The Verb Sense Mixture Model

Let's put this together into a verb sense mixture model. "I'm going to say we've got dependency-parsed sentences. We know the verb, we also know the slots—subject, direct object, preposition, whatever parts came out of it. We're going to assume that shared context words suggest the same sense. So if two sentences have the same object, they're likely to be in the same sense. If they have the same subject, they're likely to be in the same sense."

Cluster Characteristics

"Each cluster has a higher likelihood to generate its frequent slot-filler arguments. So we can describe a cluster by the kinds of vocabulary—slot-word pairs—that it generates." Each cluster k has a multinomial distribution over slot-word pairs, and "these distributions are drawn from a Dirichlet prior with a small uniform parameter θ (theta)."

Relation to Topic Models

"This looks like topic modeling." An audience member asks about slots. "Slot is a dependency arc slot, so it's a syntactic slot.
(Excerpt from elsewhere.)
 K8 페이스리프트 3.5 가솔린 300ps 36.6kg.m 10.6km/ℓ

It could be subject, direct object, prepositional object." They're just going to be the direct syntactic dependencies of the verb. "We're only using verbs because [verbs are] pretty much the better [unit for sense distinctions]."

Treating Slot-Word Pairs

"We're going to treat each of those slot-word pairs as an independent vocabulary item, and we're going to treat a cluster as having a multinomial distribution over those vocabulary items, drawn from a Dirichlet prior with parameter β (beta)." Updating the probability of drawing an instance: "It's going to be the probability of w (the slot-word pairs inside the instance)—that count of that vocabulary item inside the cluster plus β, and then normalize." This is the exact same way "we would see if a word has some probability of being drawn from a topic."
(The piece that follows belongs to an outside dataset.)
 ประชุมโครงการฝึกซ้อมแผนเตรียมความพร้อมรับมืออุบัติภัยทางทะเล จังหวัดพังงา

The Dirichlet Process Mixture Model

"This is our Dirichlet Process mixture model. We've got some Dirichlet Process G with parameter α (which is always 1), and then we have n verb instances. For each cluster, each of them has distinct word-like slot-words w's. Those are going to be drawn from the cluster-specific θ, which is drawn from a prior up there."

Comparison to LDA

"So this looks kind of like LDA except without the extra layer of nesting that's required for us to do document-specific distributions. This is basically a simplified version of LDA with a nonparametric prior. It's a nice straightforward application of principles that you've seen in other places, I hope."

Speed-Up Techniques

A few things they've done to speed things up: "When I say we want things that are alike to be together, we went ahead and in some sensible order initially combined things. So all verbs that have the same exact slot-word argument—if they have the same direct object, they are in the same cluster to start. If they have the same subject, they are in the same cluster to start." This gave them some structure initially. "I'm going to say direct object takes precedence in the initial assignments over the same subject."

Discarding Low-Count Clusters

"We've also discarded the initial clusters that didn't gather enough counts into them to get started. So that initial clustering helped reduce the number of initial clusters and kind of gave us a head start getting deep into the problem."

Results: 437 Senses of "Enter"

"We got some senses, ran this over a billion web pages, and these are senses of 'enter'—437. I will show you some that we generated through this." The way to read this: "This is a gloss of the vocabulary inside the cluster—slot-word pairs—simplified by adding a slot label on the left side and word on each line, and the slot counts."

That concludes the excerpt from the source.